- Collected data -
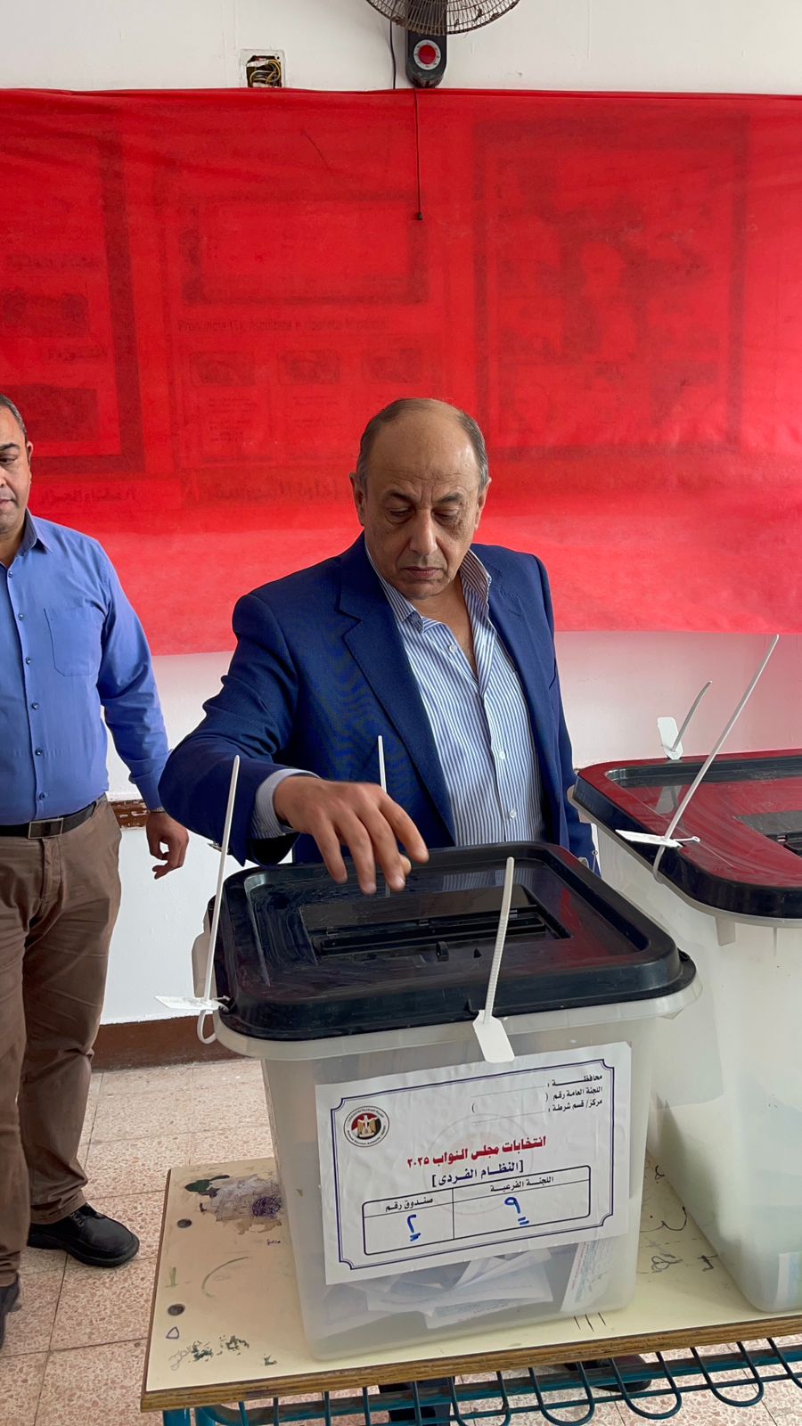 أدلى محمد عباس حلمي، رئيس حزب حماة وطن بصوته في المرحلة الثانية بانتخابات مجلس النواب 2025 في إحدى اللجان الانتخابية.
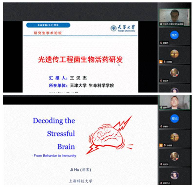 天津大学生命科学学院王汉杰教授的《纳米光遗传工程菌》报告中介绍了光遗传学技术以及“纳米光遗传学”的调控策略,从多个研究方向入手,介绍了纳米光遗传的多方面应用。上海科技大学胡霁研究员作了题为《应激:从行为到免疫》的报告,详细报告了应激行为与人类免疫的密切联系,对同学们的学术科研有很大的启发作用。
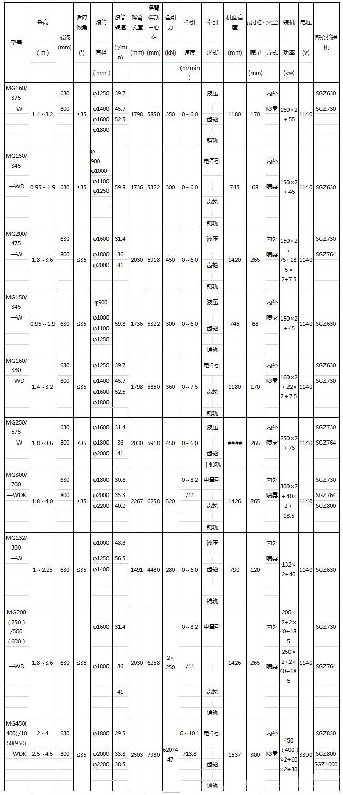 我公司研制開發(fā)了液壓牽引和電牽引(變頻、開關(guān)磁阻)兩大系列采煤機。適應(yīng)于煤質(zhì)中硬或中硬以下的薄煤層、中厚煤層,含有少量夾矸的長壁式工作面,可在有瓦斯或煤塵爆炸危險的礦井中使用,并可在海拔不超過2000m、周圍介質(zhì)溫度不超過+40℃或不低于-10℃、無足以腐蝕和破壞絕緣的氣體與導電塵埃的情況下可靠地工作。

- Task requirements -
The listing above needs to be output again exactly. Don't include the pictures.

- Response for this exercise -
 أدلى محمد عباس حلمي، رئيس حزب حماة وطن بصوته في المرحلة الثانية بانتخابات مجلس النواب 2025 في إحدى اللجان الانتخابية.
 天津大学生命科学学院王汉杰教授的《纳米光遗传工程菌》报告中介绍了光遗传学技术以及“纳米光遗传学”的调控策略,从多个研究方向入手,介绍了纳米光遗传的多方面应用。上海科技大学胡霁研究员作了题为《应激:从行为到免疫》的报告,详细报告了应激行为与人类免疫的密切联系,对同学们的学术科研有很大的启发作用。
 我公司研制開發(fā)了液壓牽引和電牽引(變頻、開關(guān)磁阻)兩大系列采煤機。適應(yīng)于煤質(zhì)中硬或中硬以下的薄煤層、中厚煤層,含有少量夾矸的長壁式工作面,可在有瓦斯或煤塵爆炸危險的礦井中使用,并可在海拔不超過2000m、周圍介質(zhì)溫度不超過+40℃或不低于-10℃、無足以腐蝕和破壞絕緣的氣體與導電塵埃的情況下可靠地工作。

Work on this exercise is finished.